Geeks in heaven as countdown to partial eclipse begins
DON'T be surprised if you witness some bizarre behaviour in coming days from your pet birds and dogs.. and even dairy cows.
The behaviour will come to a head in an almost-total solar eclipse, with the moon passing between the Earth and the sun, on Wednesday morning.
The eclipse will be a total solar eclipse in Cairns, plunging the region into darkness, but will be experienced as a partial eclipse across the rest of Australia.
Between 50,000 and 60,000 scientists, astronomers, eclipse chasers, their friends and families from around the world will be in the region to the see the eclipse, the first for Cairns and the Great Barrier Reef since 710AD, according to Tourism Queensland's acting CEO Leanne Coddington.
"Three charter flights with 1200 scientists will arrive from Japan, six cruise ships will be moored off the coast and other scientists will study the effects of the eclipse on the marine life of the Great Barrier Reef and Queensland's rainforest birds and animals," Ms Coddington said.
Tourists to the area have booked out hot air balloon rides above the Atherton Tablelands, scenic flights over the Great Barrier Reef and horse riding tours on remote Queensland beaches.
The area is also host to an eclipse music festival and an eclipse marathon, where runners start as soon as the sun re-emerges from behind the moon.
Further south, it will be like twilight.
"It'll go deep twilight. That's the sort of affect it'll have," Owen Bennedick, of the Wappa Falls Observatory on the Sunshine Coast, said.
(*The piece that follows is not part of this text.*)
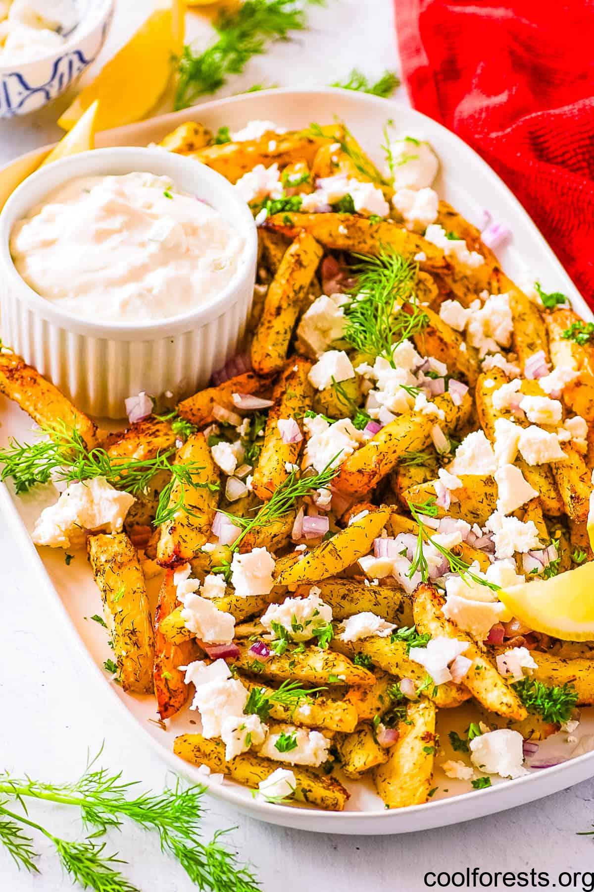Add Toppings: I transfer the cooked fries to a serving plate and top them with crumbled feta cheese, chopped parsley, diced red onion, and lemon wedges.

"It so happens the moon is 400 times closer than the sun, and the sun is 400 times bigger than the moon, so therefore they'll get perfect block of the sun in Cairns. We'll get 85%."
The unusual occurrence will begin in Gladstone at 5.53am, with the maximum eclipse at 6.51am and normal conditions again by around 7.55am.
"Some of the cows will head off to the milking bales to be milked. Birds will start chirping, thinking that it's becoming nightfall," Mr Bennedick said.
Dogs, which rely heavily on their sense of sight, have also been known to behave differently during these eclipses.
The next total solar eclipse in Australia will be in 2077.
Observers are warned not to look directly at the sun without special protection during any stage of the eclipse.